Provided information:
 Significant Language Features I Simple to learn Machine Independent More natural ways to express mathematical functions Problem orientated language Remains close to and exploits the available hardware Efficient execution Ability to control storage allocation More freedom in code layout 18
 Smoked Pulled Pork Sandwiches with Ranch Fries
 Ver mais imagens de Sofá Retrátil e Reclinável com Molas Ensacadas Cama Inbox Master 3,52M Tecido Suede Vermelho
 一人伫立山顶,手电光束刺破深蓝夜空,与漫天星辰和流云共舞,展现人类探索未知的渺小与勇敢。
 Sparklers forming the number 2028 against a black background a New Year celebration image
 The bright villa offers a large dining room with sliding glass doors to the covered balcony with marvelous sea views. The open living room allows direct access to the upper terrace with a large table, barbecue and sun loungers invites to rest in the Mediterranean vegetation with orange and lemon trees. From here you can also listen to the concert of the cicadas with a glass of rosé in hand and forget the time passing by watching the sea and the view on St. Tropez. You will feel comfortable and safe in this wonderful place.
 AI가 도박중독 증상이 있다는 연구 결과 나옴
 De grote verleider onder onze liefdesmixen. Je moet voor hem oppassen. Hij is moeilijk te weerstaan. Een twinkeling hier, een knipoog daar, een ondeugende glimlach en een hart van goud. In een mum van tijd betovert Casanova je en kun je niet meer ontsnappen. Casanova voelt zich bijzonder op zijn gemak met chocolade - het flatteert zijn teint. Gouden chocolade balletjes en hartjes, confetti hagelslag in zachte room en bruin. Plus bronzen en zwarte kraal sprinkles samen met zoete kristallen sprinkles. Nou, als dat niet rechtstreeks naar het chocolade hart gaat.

* * *

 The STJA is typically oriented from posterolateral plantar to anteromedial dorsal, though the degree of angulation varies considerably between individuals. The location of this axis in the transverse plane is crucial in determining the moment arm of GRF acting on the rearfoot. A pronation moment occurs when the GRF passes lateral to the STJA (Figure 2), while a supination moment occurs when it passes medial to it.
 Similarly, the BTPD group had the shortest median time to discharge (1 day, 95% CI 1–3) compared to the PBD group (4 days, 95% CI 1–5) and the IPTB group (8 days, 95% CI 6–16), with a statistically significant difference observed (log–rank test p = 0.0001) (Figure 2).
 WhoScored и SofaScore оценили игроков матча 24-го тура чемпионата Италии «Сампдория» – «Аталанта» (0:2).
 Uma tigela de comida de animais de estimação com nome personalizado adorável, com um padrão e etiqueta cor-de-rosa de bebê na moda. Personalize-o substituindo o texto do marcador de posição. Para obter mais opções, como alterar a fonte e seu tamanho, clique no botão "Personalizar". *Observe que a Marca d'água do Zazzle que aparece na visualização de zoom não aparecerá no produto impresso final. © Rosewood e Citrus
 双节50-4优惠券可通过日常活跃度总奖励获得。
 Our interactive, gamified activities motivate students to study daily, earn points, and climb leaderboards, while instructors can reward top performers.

...

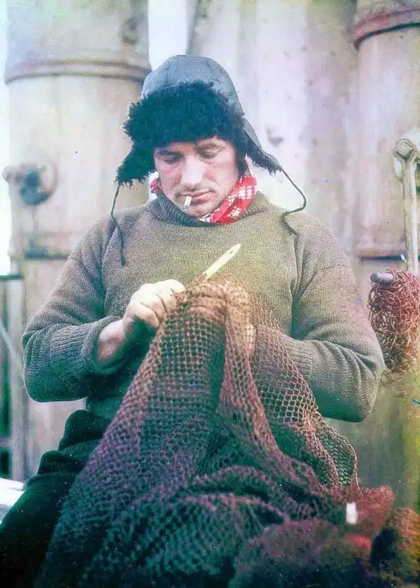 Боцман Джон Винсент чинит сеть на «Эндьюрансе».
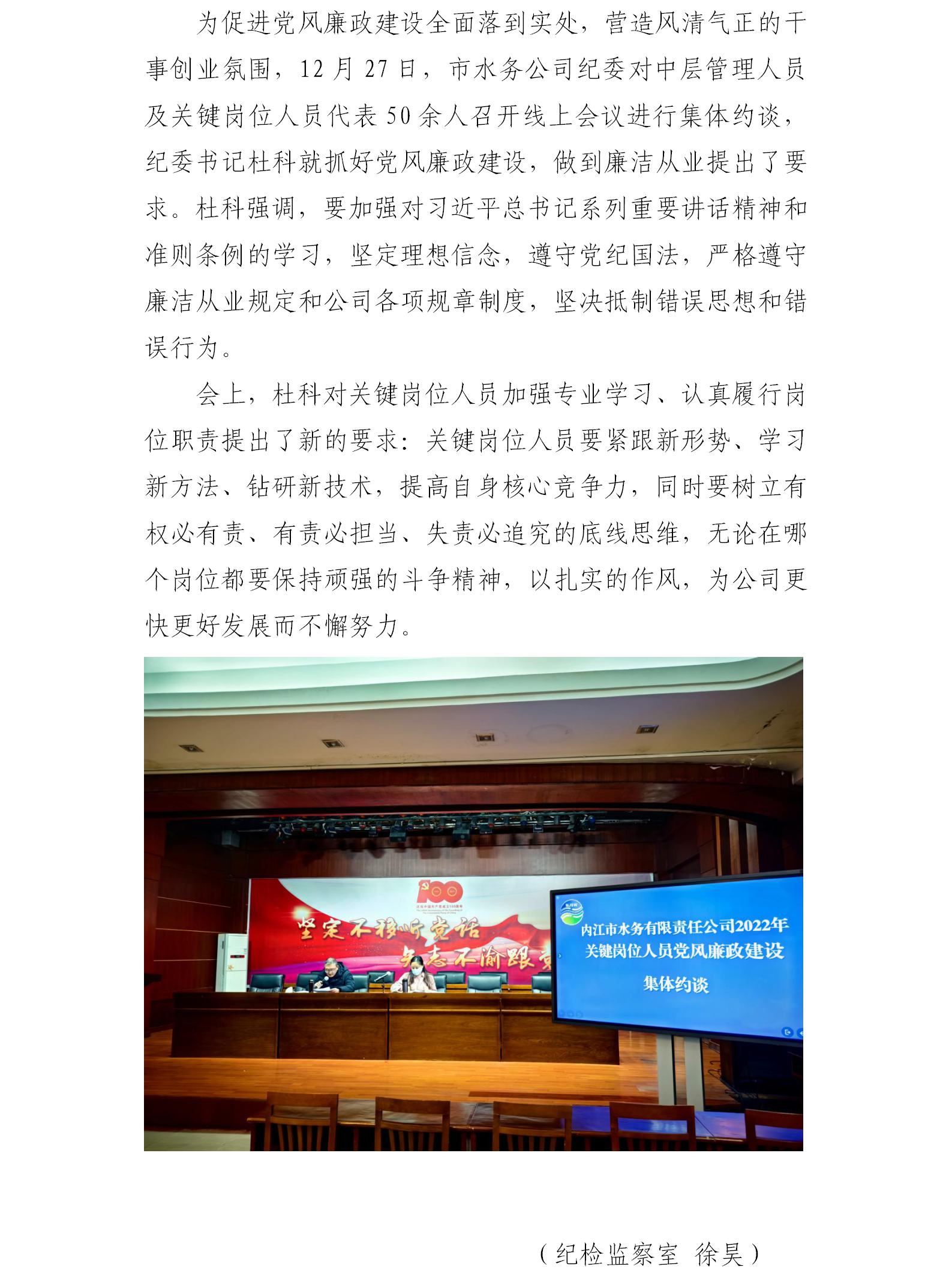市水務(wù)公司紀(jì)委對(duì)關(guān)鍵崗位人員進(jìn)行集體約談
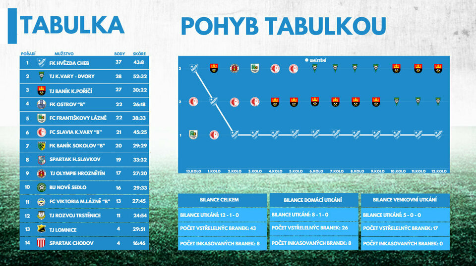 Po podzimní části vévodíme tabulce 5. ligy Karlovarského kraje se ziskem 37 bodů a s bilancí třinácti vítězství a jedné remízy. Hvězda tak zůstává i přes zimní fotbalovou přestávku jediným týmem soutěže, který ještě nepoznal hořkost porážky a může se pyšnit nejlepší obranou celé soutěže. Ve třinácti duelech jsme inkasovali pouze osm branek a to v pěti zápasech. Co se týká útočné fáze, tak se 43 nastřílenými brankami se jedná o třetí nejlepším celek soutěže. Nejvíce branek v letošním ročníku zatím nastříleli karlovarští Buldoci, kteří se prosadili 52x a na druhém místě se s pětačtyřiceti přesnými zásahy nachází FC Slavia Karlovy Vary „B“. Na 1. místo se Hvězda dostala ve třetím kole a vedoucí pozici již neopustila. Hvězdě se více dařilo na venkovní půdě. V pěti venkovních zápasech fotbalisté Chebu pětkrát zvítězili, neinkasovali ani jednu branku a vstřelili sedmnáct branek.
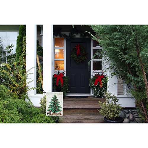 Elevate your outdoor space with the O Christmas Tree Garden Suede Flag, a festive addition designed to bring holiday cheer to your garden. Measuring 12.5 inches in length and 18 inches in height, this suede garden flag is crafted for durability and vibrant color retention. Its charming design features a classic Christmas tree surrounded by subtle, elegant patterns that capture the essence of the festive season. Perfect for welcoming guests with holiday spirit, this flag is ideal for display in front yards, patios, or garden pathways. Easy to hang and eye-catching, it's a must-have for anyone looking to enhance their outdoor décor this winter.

Exercise description: Using the entries above, give back exactly the line containing "AI가 도박중독 증상이 있다는 연구 결과 나옴", the line containing "De grote verleider", and every line between them, and nothing else.

Solution:
 AI가 도박중독 증상이 있다는 연구 결과 나옴
 De grote verleider onder onze liefdesmixen. Je moet voor hem oppassen. Hij is moeilijk te weerstaan. Een twinkeling hier, een knipoog daar, een ondeugende glimlach en een hart van goud. In een mum van tijd betovert Casanova je en kun je niet meer ontsnappen. Casanova voelt zich bijzonder op zijn gemak met chocolade - het flatteert zijn teint. Gouden chocolade balletjes en hartjes, confetti hagelslag in zachte room en bruin. Plus bronzen en zwarte kraal sprinkles samen met zoete kristallen sprinkles. Nou, als dat niet rechtstreeks naar het chocolade hart gaat.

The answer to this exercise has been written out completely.